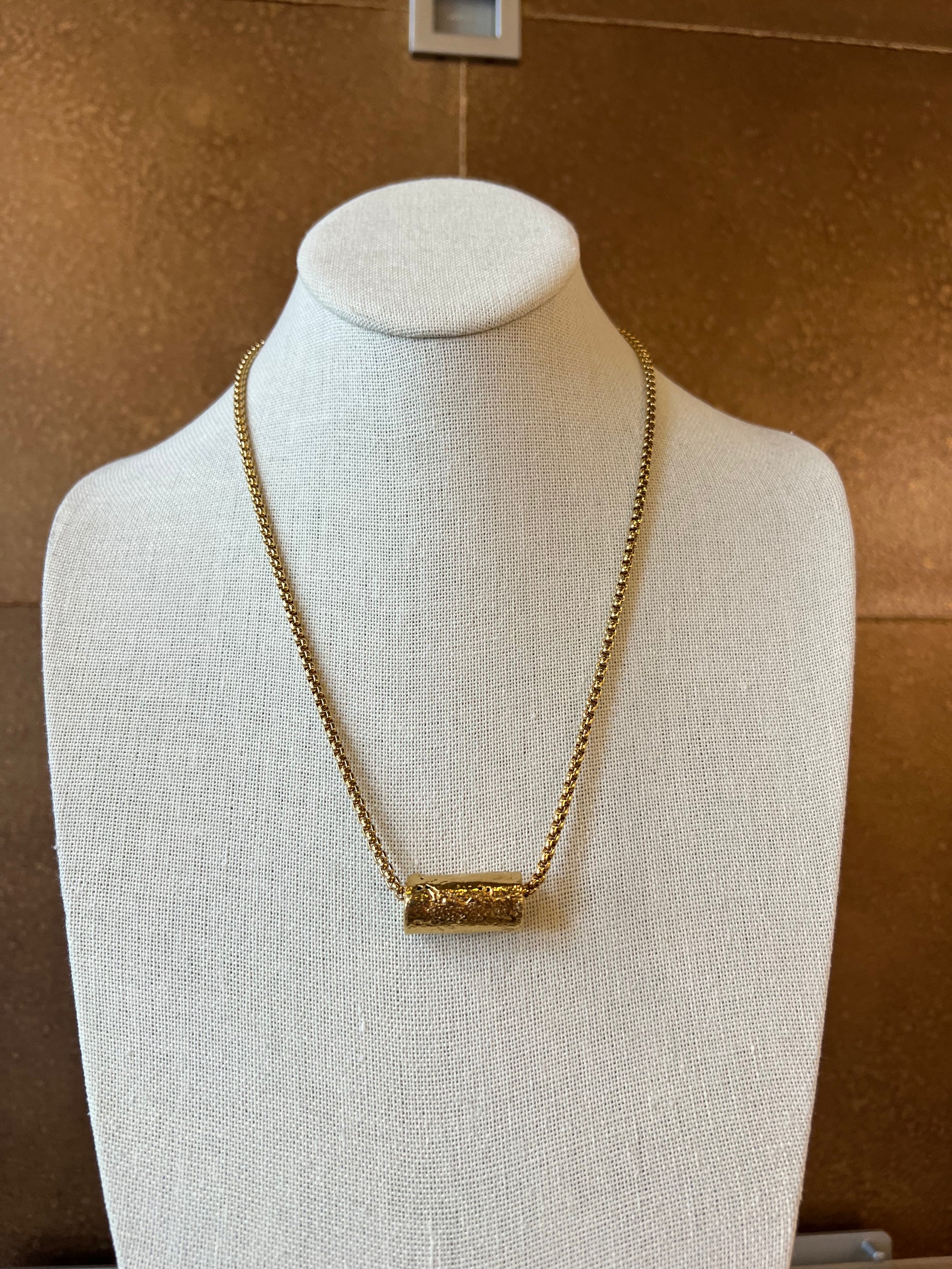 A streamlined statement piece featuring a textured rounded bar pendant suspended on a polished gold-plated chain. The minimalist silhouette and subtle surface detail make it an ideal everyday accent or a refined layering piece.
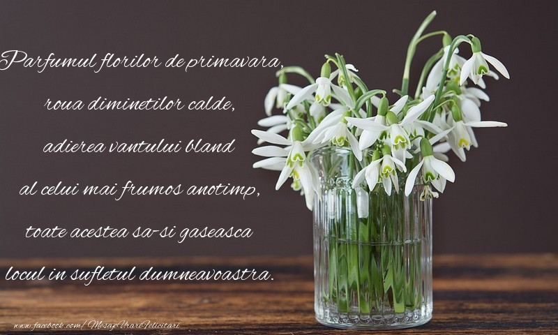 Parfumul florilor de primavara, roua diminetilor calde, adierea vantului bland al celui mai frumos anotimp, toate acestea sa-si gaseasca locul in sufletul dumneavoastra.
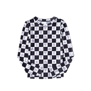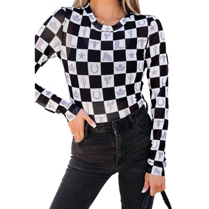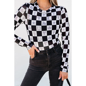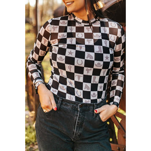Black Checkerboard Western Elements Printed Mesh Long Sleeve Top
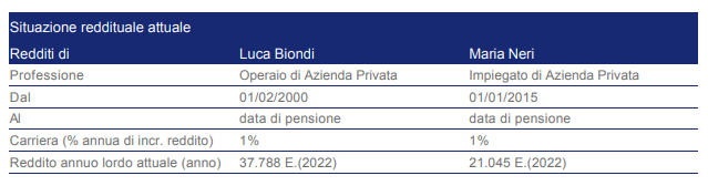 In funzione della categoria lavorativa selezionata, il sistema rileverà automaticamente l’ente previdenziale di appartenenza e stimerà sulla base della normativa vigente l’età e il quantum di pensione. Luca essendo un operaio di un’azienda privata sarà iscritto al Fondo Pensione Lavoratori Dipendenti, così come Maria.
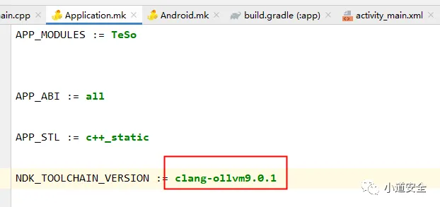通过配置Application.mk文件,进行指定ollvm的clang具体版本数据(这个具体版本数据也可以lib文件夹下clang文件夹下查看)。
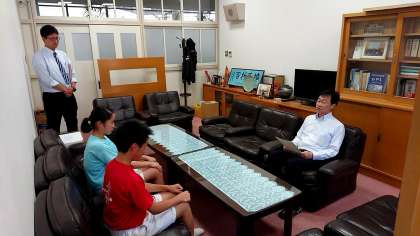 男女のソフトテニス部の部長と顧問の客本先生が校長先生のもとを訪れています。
═══
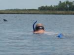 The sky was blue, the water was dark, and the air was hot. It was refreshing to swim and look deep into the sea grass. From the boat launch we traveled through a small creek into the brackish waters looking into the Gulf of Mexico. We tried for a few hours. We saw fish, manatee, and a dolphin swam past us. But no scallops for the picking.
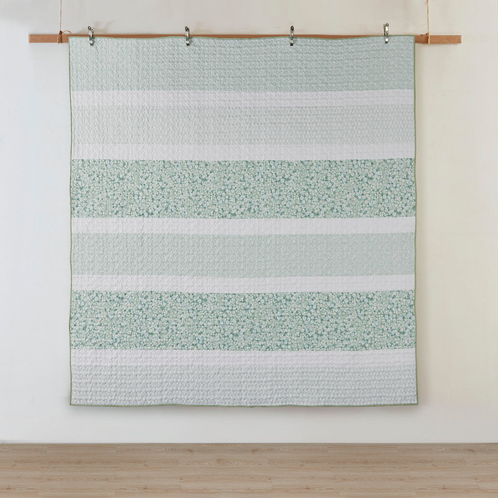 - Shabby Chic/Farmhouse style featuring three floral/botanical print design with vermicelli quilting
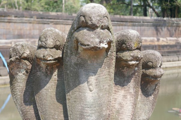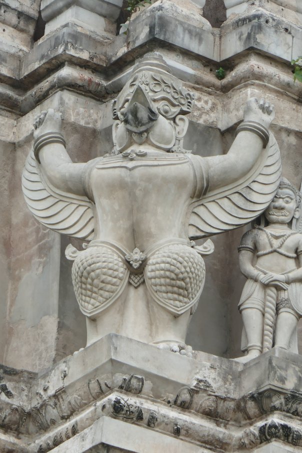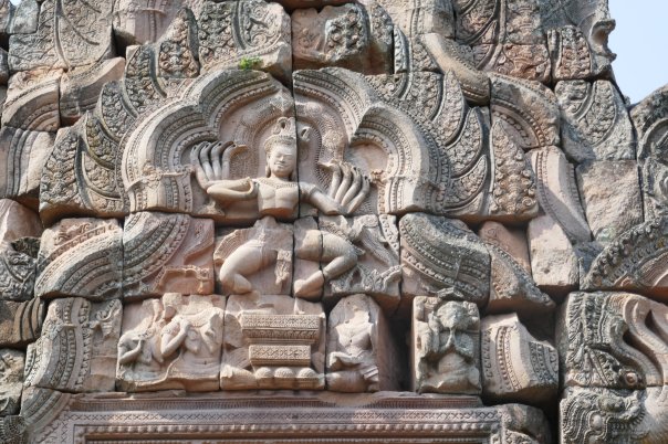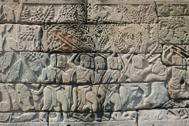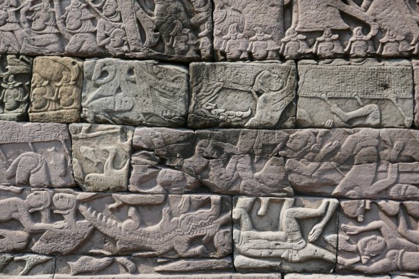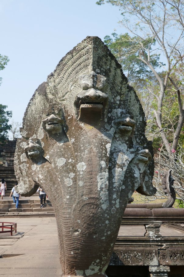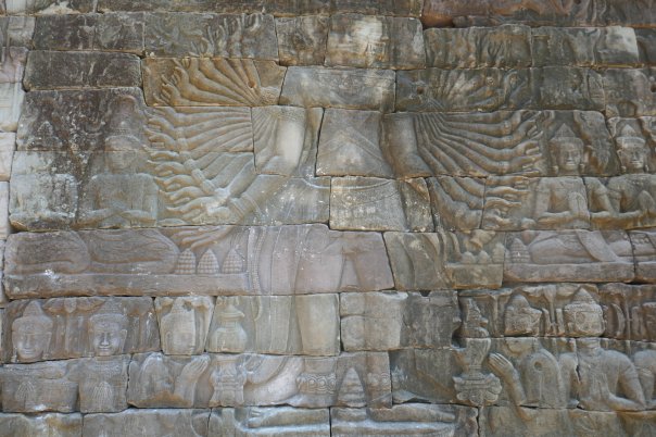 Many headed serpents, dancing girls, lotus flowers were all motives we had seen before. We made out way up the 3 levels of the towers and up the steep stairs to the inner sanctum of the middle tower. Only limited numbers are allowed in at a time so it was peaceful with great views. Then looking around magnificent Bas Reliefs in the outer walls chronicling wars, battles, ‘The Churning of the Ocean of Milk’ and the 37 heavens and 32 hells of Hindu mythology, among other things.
═══
Copy the entries above exactly, but only the stretch from the line containing "A streamlined statement" through the line containing "男女のソフトテニス部の部長と顧問の客本先生が校長先生のもとを訪れています。". Keep both end lines; drop the pictures.

 A streamlined statement piece featuring a textured rounded bar pendant suspended on a polished gold-plated chain. The minimalist silhouette and subtle surface detail make it an ideal everyday accent or a refined layering piece.
 Parfumul florilor de primavara, roua diminetilor calde, adierea vantului bland al celui mai frumos anotimp, toate acestea sa-si gaseasca locul in sufletul dumneavoastra.
Black Checkerboard Western Elements Printed Mesh Long Sleeve Top
 In funzione della categoria lavorativa selezionata, il sistema rileverà automaticamente l’ente previdenziale di appartenenza e stimerà sulla base della normativa vigente l’età e il quantum di pensione. Luca essendo un operaio di un’azienda privata sarà iscritto al Fondo Pensione Lavoratori Dipendenti, così come Maria.
通过配置Application.mk文件,进行指定ollvm的clang具体版本数据(这个具体版本数据也可以lib文件夹下clang文件夹下查看)。
 男女のソフトテニス部の部長と顧問の客本先生が校長先生のもとを訪れています。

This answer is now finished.